Tidak lama kemudian, mobil yang dikemudikan Arga tiba di parkiran apartemen. Arga turun membangunkan Asti, untuk turun dan mengambil beberapa barang yang dibutuhkan untuk Dita dan Asti.
Kemudian Arga membuka pintu penumpang depan, dia menggendong tubuh Dita yang sedang tertidur lelap.
"Berat badan Dita kok ringan begini, apa dia jarang makan saking sibuknya?" tanya Arga dalam hati.

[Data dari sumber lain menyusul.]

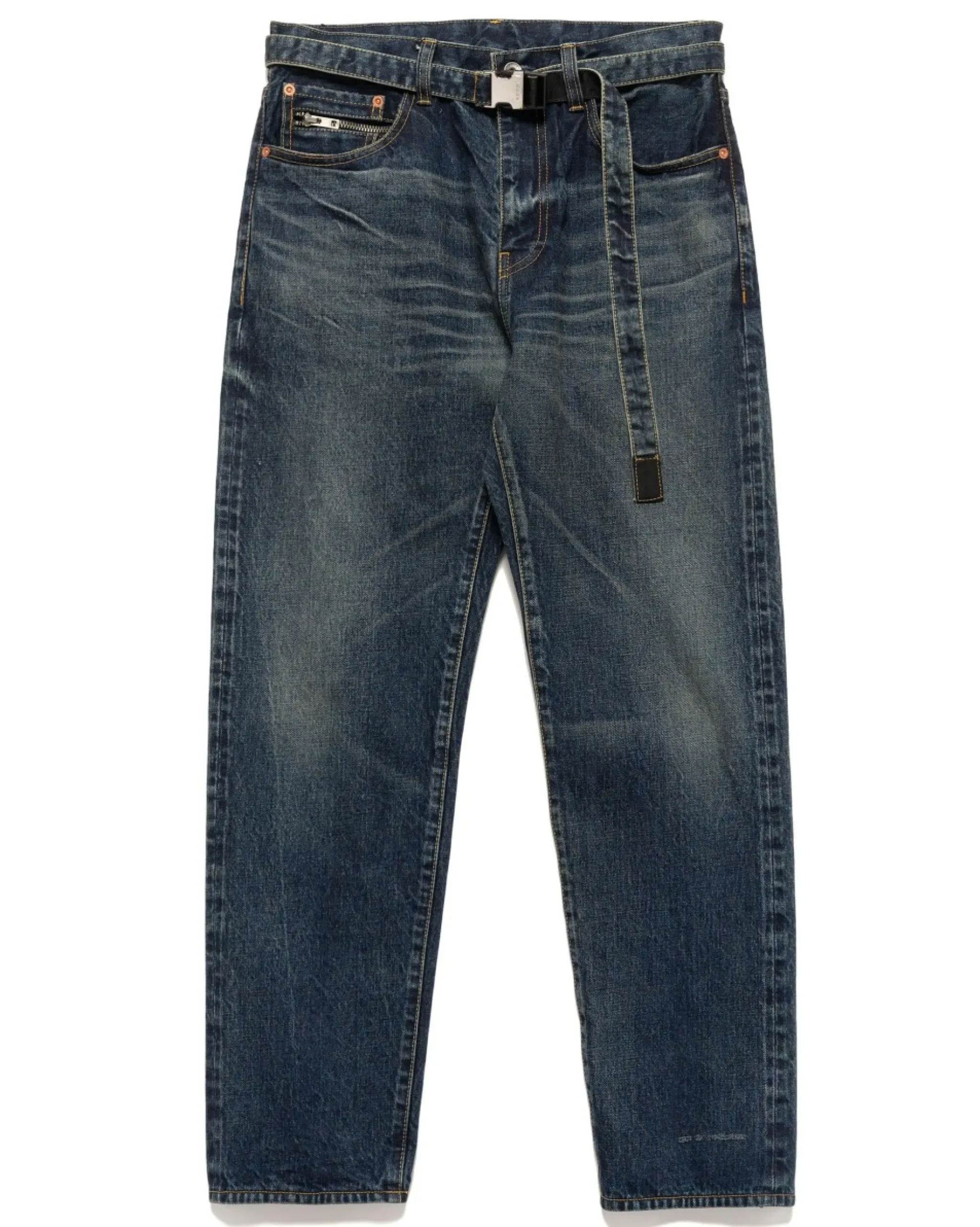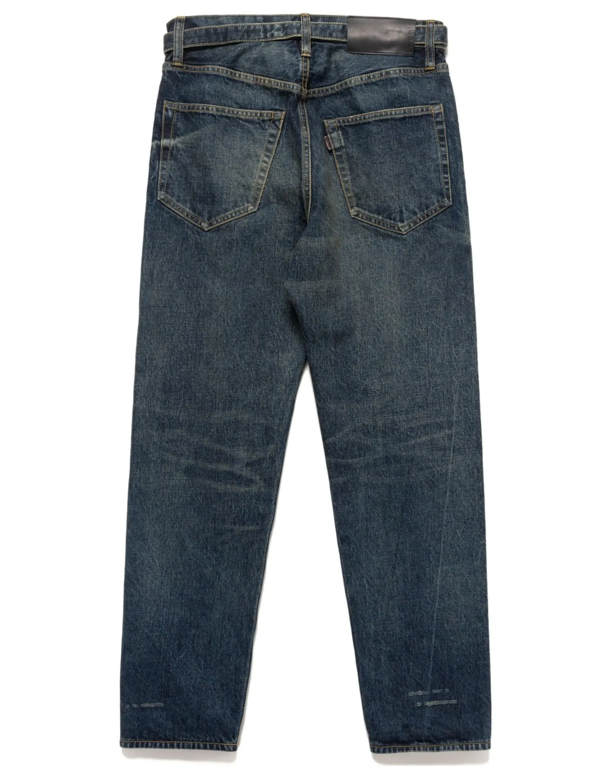 A Contemporary Pair Of Slightly Tapered Denim Pants Made In Collaboration With Beyondexx, A Notable Manufacturer Of Denim Fabric And Goods With A Cult Following. Not Straying Too Far, The Jeans Feature An Exceptionally Well Worn And Washed Look With Realistic Whiskering And Fading In Full Effect. Finished With Signature Details Such As A Self-Fabric Belt With Metal Clasp, Zipper Pocket, And Black Leather Patch. Made In Japan.
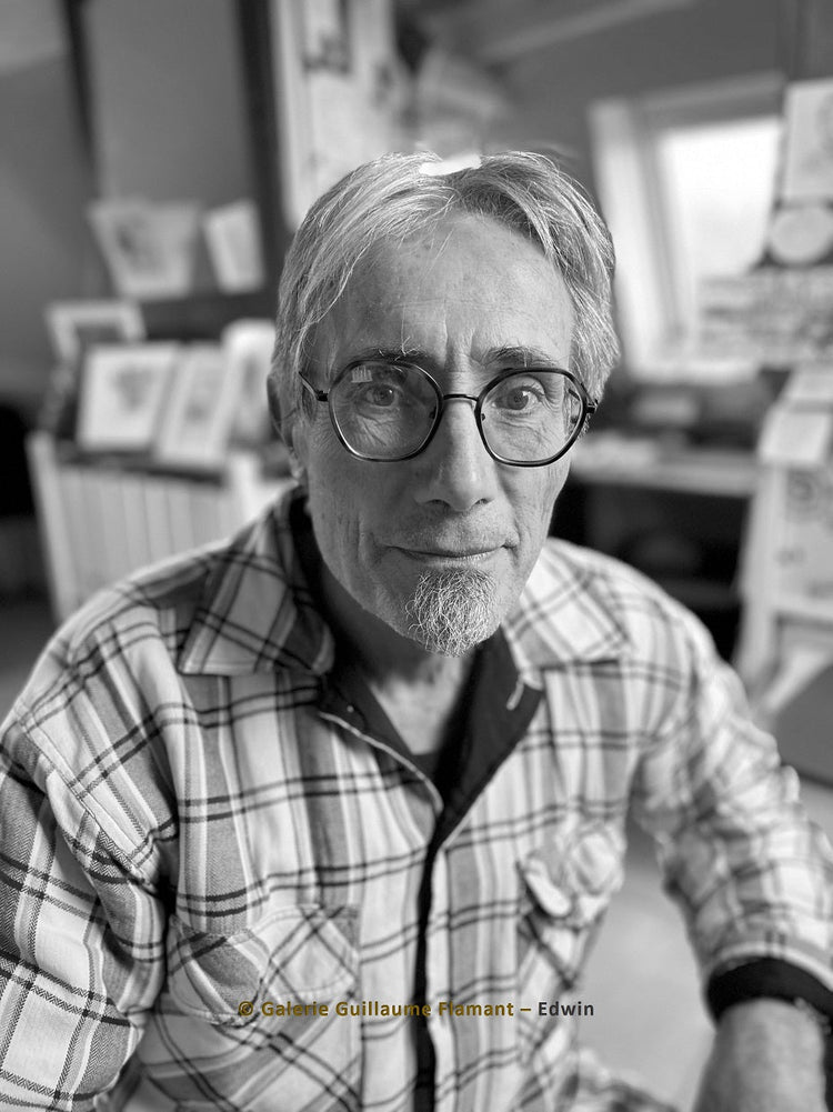 À l’origine dessinateur de presse (L’Huma', Révolution, Jazz-Magazine, Griffon), Edwin découvre la gravure à Étampes puis à l'atelier Circé (Paris 13), s’initie à la gravure/édition à l'ESAA Duperré puis « accoste » à l'Atelier aux Lilas où il amarre durablement pointes sèches, burin et autres brunissoirs.
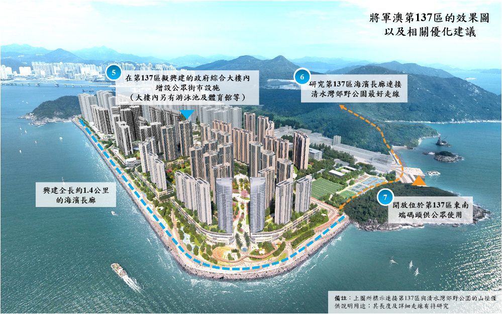 政府致力把將軍澳第137區發展成為一個綠色宜居、配套完善及交通便利的海濱新社區,並藉此機會為將軍澳社區整體帶來更多裨益。我們衷心感謝關注將軍澳區發展的立法會及區議會議員、地區團體及居民,在過往一年多給予我們不少寶貴意見和地區智慧。

Asti mengikuti langkah Arga hingga depan unit milik Arga. Arga meminta bantuan Asti untuk membuka pintu. Pintu depan unit Arga menggunakan kode angka.
"Kodenya tanggal lahir Dita ya," kata Arga yang tidak bisa membuka pintu katena menggendong Dita.
"Mas?"
"Ya, kenapa, Ti?"
"Mas Arga cinta banget ya sama Mbak Dita sampai kode unit apartemennya aja pake tanggal lahir Mbak Dita?" tanya Asti merasa penasaran apa yang pernah terjadi antara Dita dan Arga dulu.
"Kenapa? Karena saya pakai tanggal lahir Dita di kode pintu masuk ya? Kalau ditanya cinta apa enggak, jawabannya rahasia. Cepat buka dong," perintah Arga.
Asti menekan angka tanggal lahir Dita di pintu masuk. Benar saja pintu terbuka dan mereka masuk unit. Arga merebahkan tubuh Dita di ranjang.
"Minta tolong bersihkan wajahnya Dita ya, kasian kalau tidur pakai mekap gitu."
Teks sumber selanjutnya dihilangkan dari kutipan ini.